- _AVAILABLE DATA_
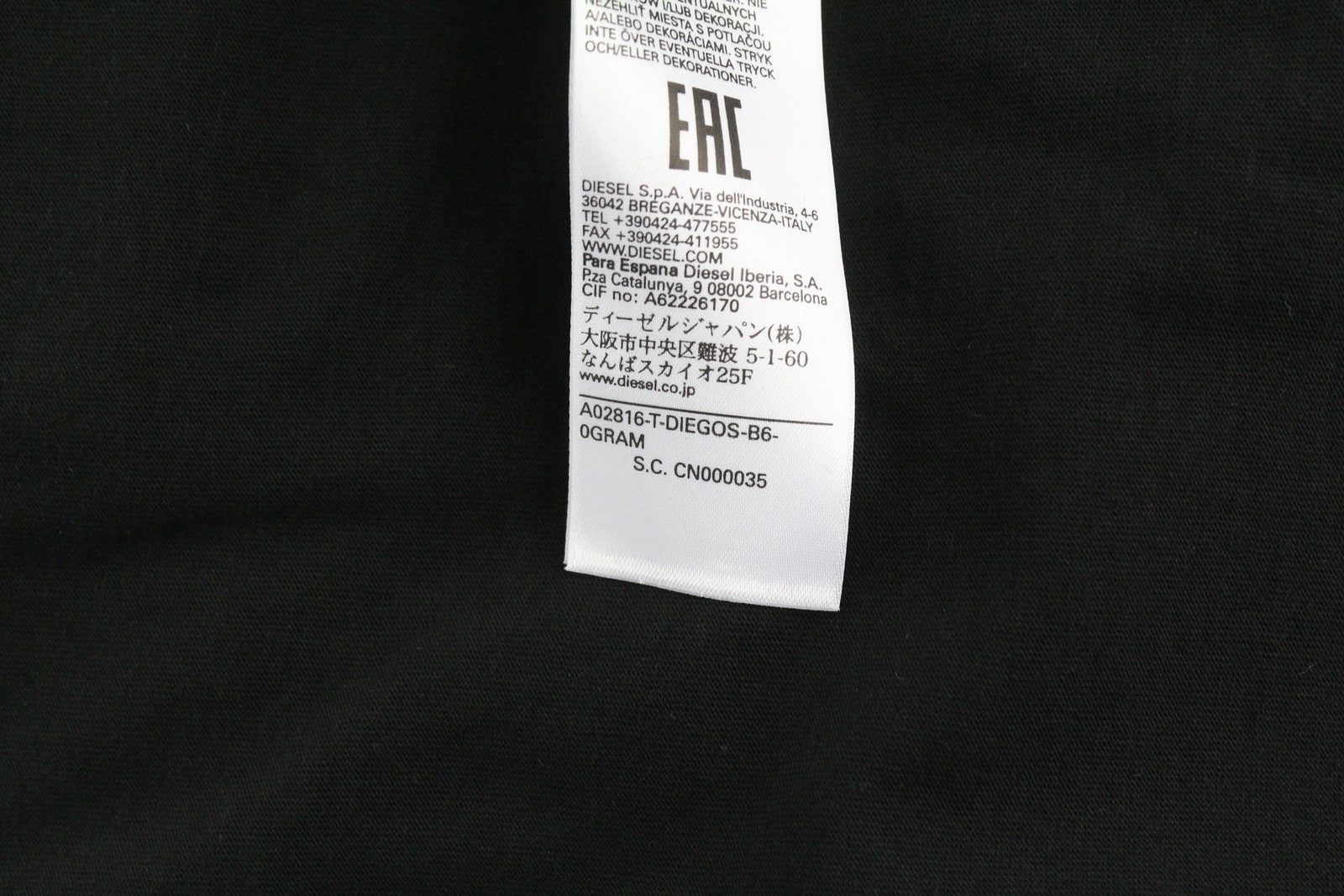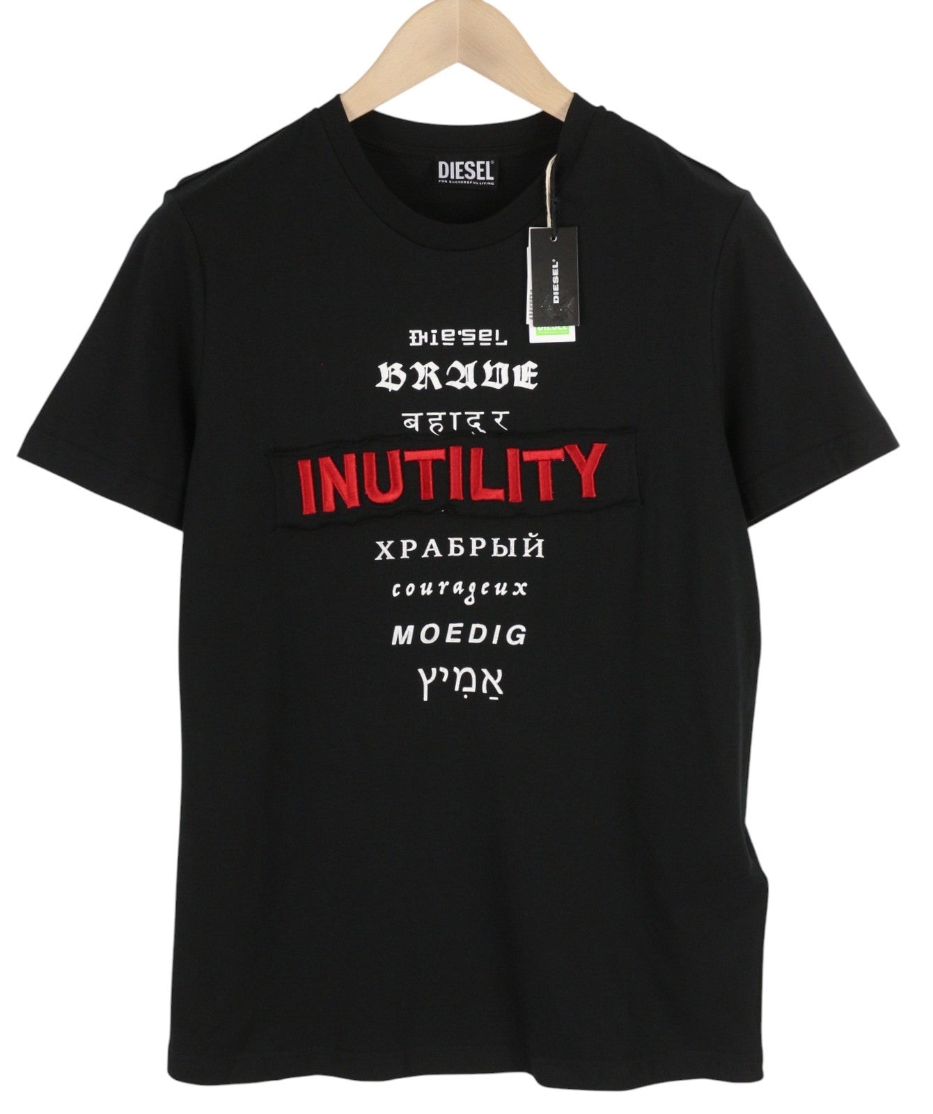 DIESEL T-Diegos-B6 vyriški marškinėliai S, juodi, tamprūs, siuvinėti, trumpomis rankovėmis.
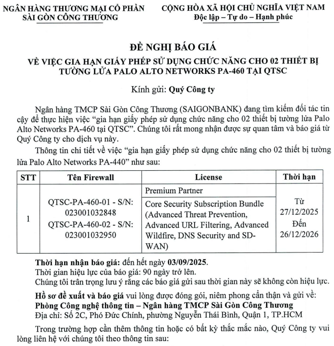 ĐỀ NGHỊ BÁO GIÁ VỀ VIỆC GIA HẠN GIẤY PHÉP SỬ DỤNG CHỨC NĂNG CHO 02 THIẾT BỊ TƯỜNG LỬA PALO ALTO NETWORKS PA-460 TẠI QTSC
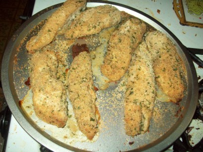 Preheat oven to 375 F. Cut the chicken breasts into large strips. Basically I cut each breast in half.
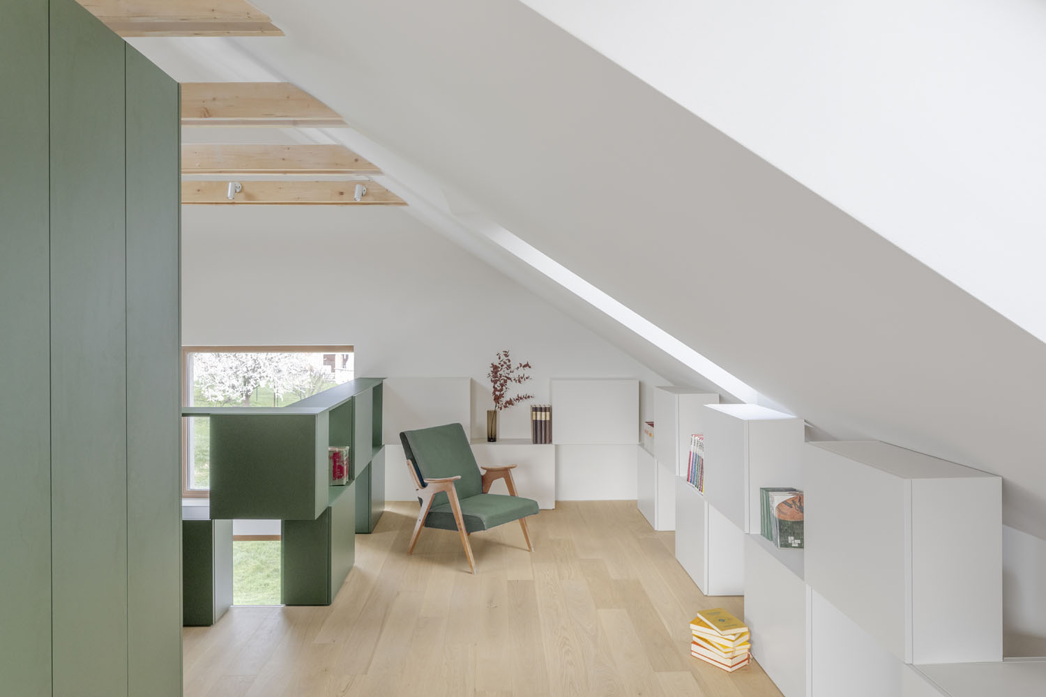 Výsledkem je sofistikované a multifunkční podkroví, které slouží jako soukromé útočiště i místo pro setkávání – dokonalá směs relaxace, nostalgie a moderního designu. Kombinace slunečního světla, promyšleného prostorového designu a personalizovaných prvků vytváří až požitkářskou atmosféru, díky čemuž je toto podkroví oblíbeným místem, které si rodina bude užívat po mnoho let.
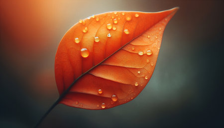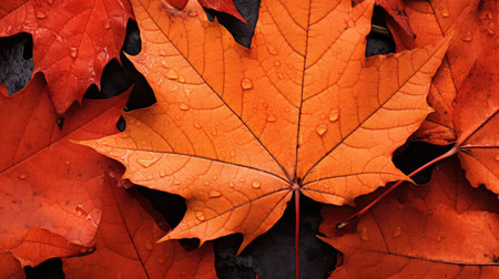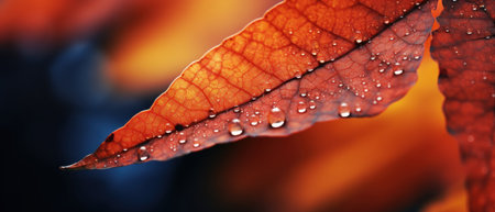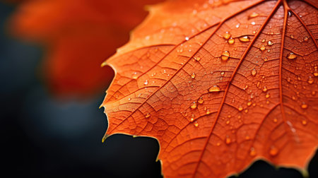 Close-up nano photo of an autumn leaf, highlighting intricate veins and water droplets. Vivid orange leaves in macro detail.
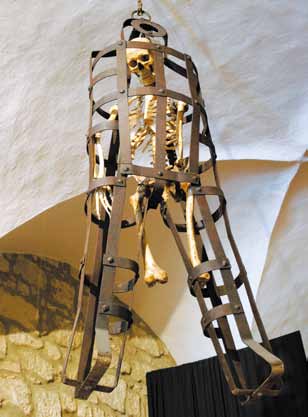 3个不同的铁笼。它们更准确地应被称为“吊笼”,尽管这个称呼多少会与绞刑架相混淆,且早期的断头机有时候也称吊笼。无论装载尸体公开示众,还是把活着的受害者锁在里面让其死于暴晒,这类奇观都助长了这些刑具的使用。

- _PROBLEM REQUIREMENTS_
Your task is to reproduce exactly the lines from the start of the data above through the line containing "Preheat oven to", leaving every picture out.

- _OUTPUT FOR THIS TASK_
 DIESEL T-Diegos-B6 vyriški marškinėliai S, juodi, tamprūs, siuvinėti, trumpomis rankovėmis.
 ĐỀ NGHỊ BÁO GIÁ VỀ VIỆC GIA HẠN GIẤY PHÉP SỬ DỤNG CHỨC NĂNG CHO 02 THIẾT BỊ TƯỜNG LỬA PALO ALTO NETWORKS PA-460 TẠI QTSC
 Preheat oven to 375 F. Cut the chicken breasts into large strips. Basically I cut each breast in half.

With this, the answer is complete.